● **EXERCISE REQUIREMENTS**
Write out each line of the listing as it stands, without the images.

== EXERCISE DATA

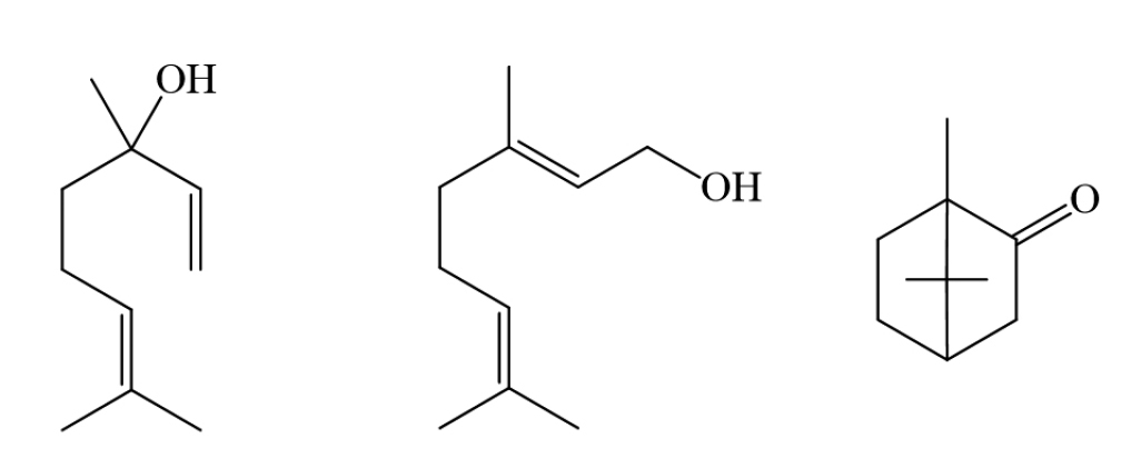 Рис. 1. Структурные формулы: а) линалоол, б) гераниол, в) камфора.
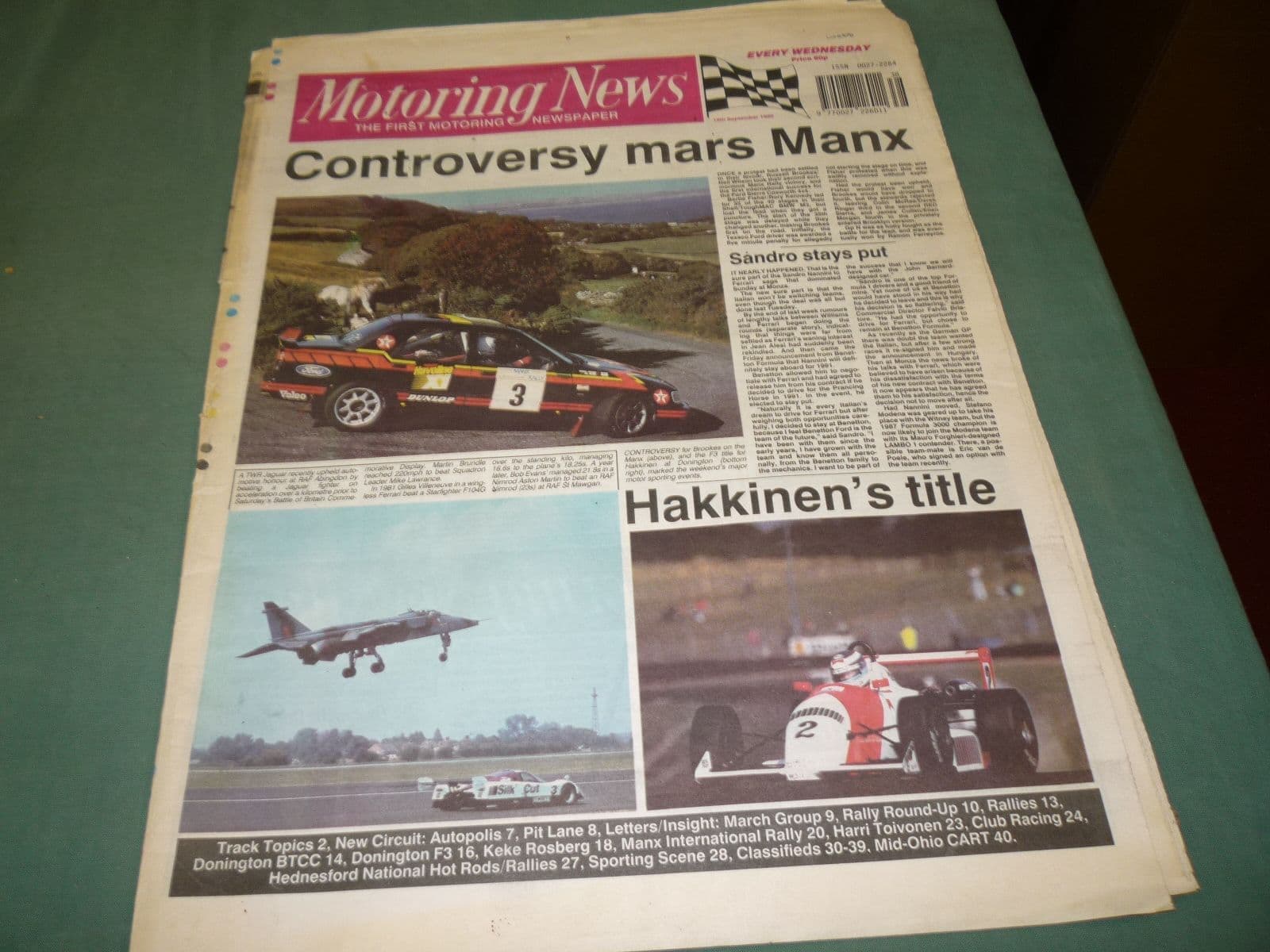MOTORING NEWS 1990 September 19 Manx Rally, Hakkinen wins F3 Title, CART,BTCC
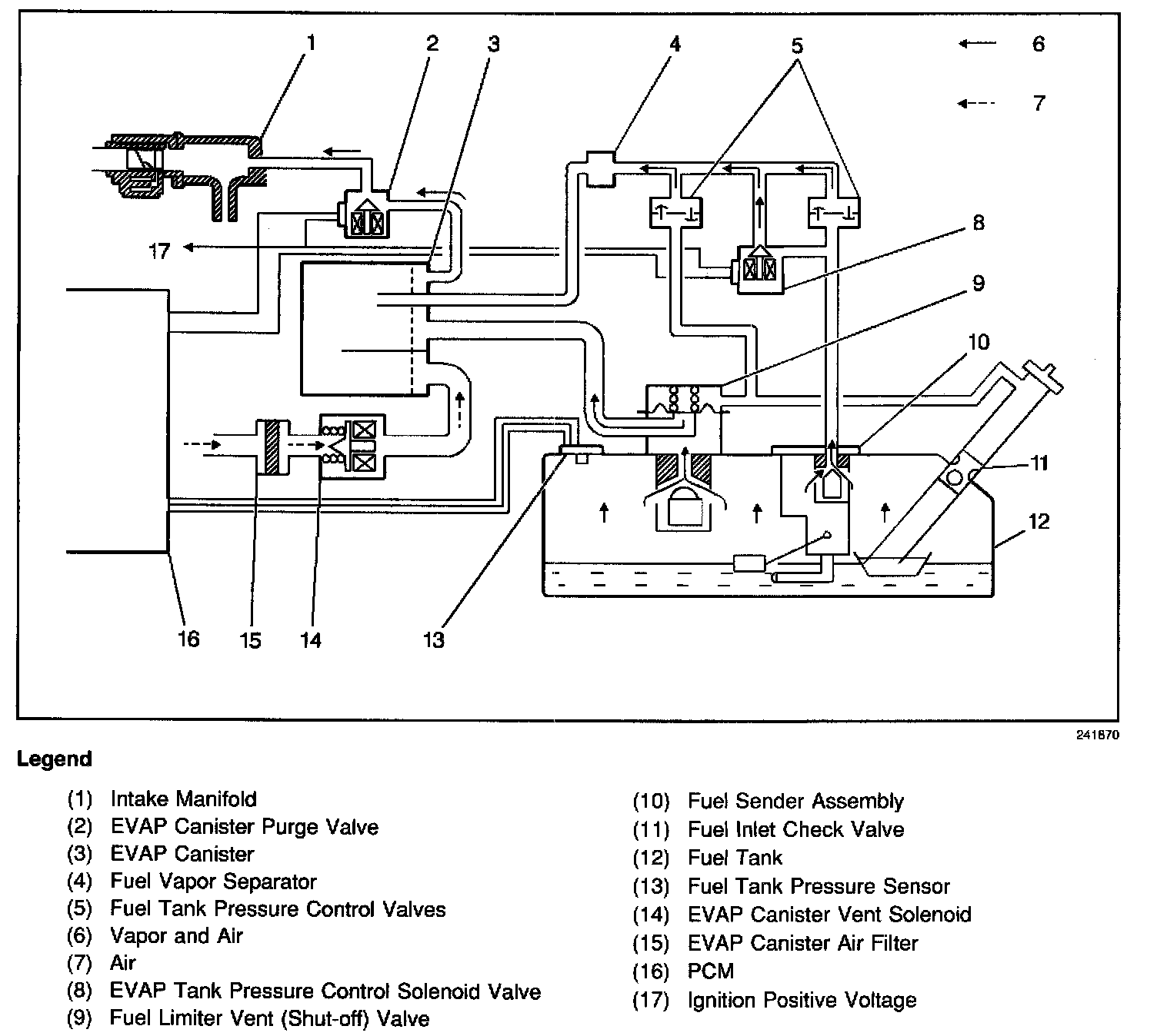 The fuel tank pressure control valve(s) is a pressure operated switching device. The fuel tank pressure control valve controls the vapor pressure in the fuel tank. The fuel tank pressure control valve is normally closed and blocks the fuel tank vapors from entering the EVAP canister unless the vapor pressure in the fuel tank is great. When the pressure of the vapor generated in the fuel tank becomes greater than a specified pressure, the vapor pushes past the fuel tank pressure control valve diaphragm and enters the EVAP canister. When the vapor pressure in the fuel tank is low (negative pressure), the fuel tank pressure control valve allows air to flow into the fuel tank. The fuel tank pressure control valves are located on top of the fuel tank.

====

● **EXPECTED ANSWER**
 Рис. 1. Структурные формулы: а) линалоол, б) гераниол, в) камфора.
MOTORING NEWS 1990 September 19 Manx Rally, Hakkinen wins F3 Title, CART,BTCC
 The fuel tank pressure control valve(s) is a pressure operated switching device. The fuel tank pressure control valve controls the vapor pressure in the fuel tank. The fuel tank pressure control valve is normally closed and blocks the fuel tank vapors from entering the EVAP canister unless the vapor pressure in the fuel tank is great. When the pressure of the vapor generated in the fuel tank becomes greater than a specified pressure, the vapor pushes past the fuel tank pressure control valve diaphragm and enters the EVAP canister. When the vapor pressure in the fuel tank is low (negative pressure), the fuel tank pressure control valve allows air to flow into the fuel tank. The fuel tank pressure control valves are located on top of the fuel tank.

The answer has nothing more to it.